A maior arma de Negan é a obediência baseada no medo

Service (S07E04) finalmente da sequência a história principal da série

Luide
Luide
15 de novembro de 2016

Repetição de tema é um problema em The Walking Dead. Você estabelece algo, deixa tudo muito claro e logo em seguida, volta pra dizer o mesmo. É o que aconteceu com Negan nos três episódios que ele deu as caras nessa sétima temporada. Sabemos que ele é perverso. Sabemos que ele provoca um jogo de terror em suas vítimas. Sabemos que ele tem o domínio da situação com uma tranquilidade demoníaca. Porém, a série insiste em nos dizer isso o tempo todo, e em Service (S07E04) é exatamente o que acontece.

Jeffrey Dean Morgan já mostrou o potencial violento do personagem lá atrás, na season finale do sexto ano. Já está mais do que claro até onde Negan pode chegar, e o pânico do primeiro episódio acabou com qualquer dúvida a respeito da sanidade do vilão. Acontece que desde então estamos vendo um mesmo nível de personalidade. É Negan que é muito cartunesco ou é Jeffrey Dean Morgan que não sai da mesma linha de atuação?
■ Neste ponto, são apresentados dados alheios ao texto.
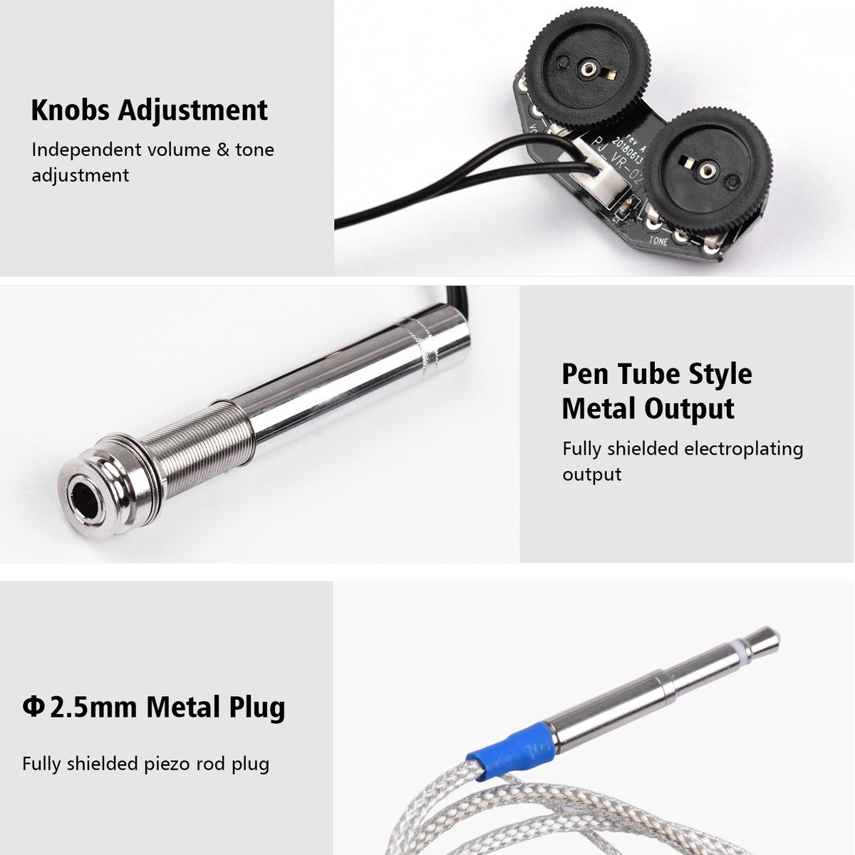 High Performance, Strong Gain: Adopt the active system, plug and play. independent volume amp; tone control. The guitar pickup has advantages of higher reduction and sensitivity, better anti-noise ability and no sound breaking.

Para fãs dos quadrinhos, acostumados com o personagem, pode estar tudo ok, mas vendo com os olhos de quem só conhece a série, estamos diante da mesma repetição de ações e situações.

Service é um episódio sobre o conflito que Rick está passando. Ele que sempre viveu com o peso de ser um líder e prover aos seus próximos, agora não consegue achar uma saída melhor para a situação senão a obediência. O maior ato de maldade que Negan proporcionou desde a morte de Abraham e Glenn foi ter feito Rick segurar Lucille. Um gesto simples e que passa um recado poderoso para todos de Alexandria. A submissão não vem apenas da força bruta, da agressão física, mas sim da tortura da mente. E Service é todo baseado nisso.

 Service (S07E04)

Desde Dwight tomando coisas de Rosita apenas por provocação, até as camas queimadas. Tudo isso é para desestabilizar os moradores da comunidade, e o mesmo está sendo feito com Daryl, mas em nível individual. Em algum momento ele pode se quebrar, se ajoelhar. É quando o limite chega.
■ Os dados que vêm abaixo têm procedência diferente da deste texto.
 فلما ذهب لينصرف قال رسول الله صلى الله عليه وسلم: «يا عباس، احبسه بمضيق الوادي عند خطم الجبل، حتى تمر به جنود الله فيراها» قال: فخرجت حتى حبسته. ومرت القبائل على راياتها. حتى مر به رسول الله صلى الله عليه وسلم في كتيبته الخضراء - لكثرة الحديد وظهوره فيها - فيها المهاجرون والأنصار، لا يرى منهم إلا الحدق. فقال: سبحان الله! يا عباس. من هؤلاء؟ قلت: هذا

O de Rick já chegou, porém Negan tem planos diferentes para ambos. No caso do protagonista, é puramente controle. Como gado. Você ensina que ele não pode sair do pasto, coloca cerca, se ela não funciona, adiciona eletricidade. Uma hora ele aprende que não deve lutar contra as ordens de seu dono. E se ele for bom, no final do dia terá um teto pra dormir. Daryl é um experimento.
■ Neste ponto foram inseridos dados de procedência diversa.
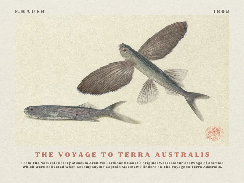 Autocolante Watercolour Flying Fish from The Voyage to Terra Australis (Vintage Academia) - Ferdinand Bauer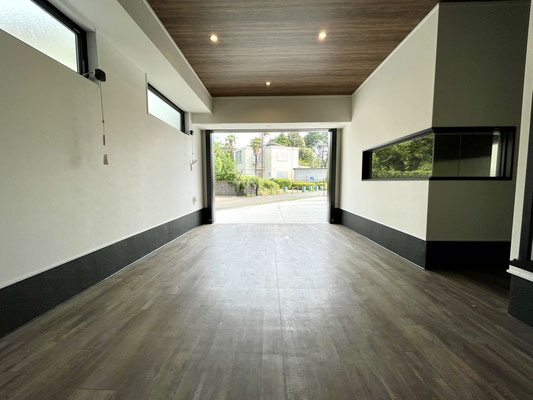 電動シャッターを開けるとガレージ内部はこんな感じ〜

The Walking Dead tem uma boa história para explorar, mas é uma pena que não consiga seguir uma linha única de eventos. Seria interessante acompanhar pequenas células rebeldes (Carl, Rosita, Michonne) dentro de Alexandria se organizando, mas é bem provável que nos próximos episódios isso nem deva aparecer. De todo modo, Negan já é um personagem mais do que estabelecido. É hora de explorar mais seu potencial, ir além da repetição.